Provided data:
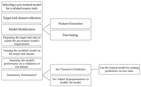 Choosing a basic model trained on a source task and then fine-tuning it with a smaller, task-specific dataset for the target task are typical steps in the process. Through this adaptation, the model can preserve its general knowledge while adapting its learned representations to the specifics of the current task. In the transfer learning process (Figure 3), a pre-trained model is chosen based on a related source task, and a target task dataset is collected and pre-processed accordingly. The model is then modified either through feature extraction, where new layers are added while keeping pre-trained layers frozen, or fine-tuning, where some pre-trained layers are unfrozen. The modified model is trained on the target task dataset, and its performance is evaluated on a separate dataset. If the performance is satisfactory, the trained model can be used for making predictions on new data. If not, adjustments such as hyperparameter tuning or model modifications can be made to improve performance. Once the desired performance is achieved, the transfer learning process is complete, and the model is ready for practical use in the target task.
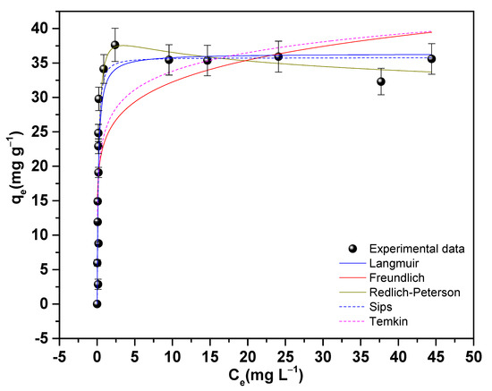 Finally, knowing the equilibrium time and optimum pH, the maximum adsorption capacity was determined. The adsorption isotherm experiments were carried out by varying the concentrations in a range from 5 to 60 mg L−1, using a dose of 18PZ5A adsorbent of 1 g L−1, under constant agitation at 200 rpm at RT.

* * *

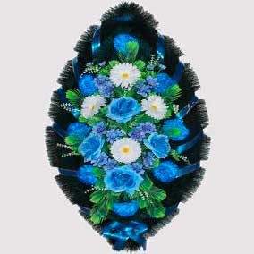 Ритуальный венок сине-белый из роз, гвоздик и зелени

The problem:
Output exactly the lines above, from the line with "Choosing a basic" to the line with "Finally, knowing the", both included; skip the pictures.

Exercise response:
 Choosing a basic model trained on a source task and then fine-tuning it with a smaller, task-specific dataset for the target task are typical steps in the process. Through this adaptation, the model can preserve its general knowledge while adapting its learned representations to the specifics of the current task. In the transfer learning process (Figure 3), a pre-trained model is chosen based on a related source task, and a target task dataset is collected and pre-processed accordingly. The model is then modified either through feature extraction, where new layers are added while keeping pre-trained layers frozen, or fine-tuning, where some pre-trained layers are unfrozen. The modified model is trained on the target task dataset, and its performance is evaluated on a separate dataset. If the performance is satisfactory, the trained model can be used for making predictions on new data. If not, adjustments such as hyperparameter tuning or model modifications can be made to improve performance. Once the desired performance is achieved, the transfer learning process is complete, and the model is ready for practical use in the target task.
 Finally, knowing the equilibrium time and optimum pH, the maximum adsorption capacity was determined. The adsorption isotherm experiments were carried out by varying the concentrations in a range from 5 to 60 mg L−1, using a dose of 18PZ5A adsorbent of 1 g L−1, under constant agitation at 200 rpm at RT.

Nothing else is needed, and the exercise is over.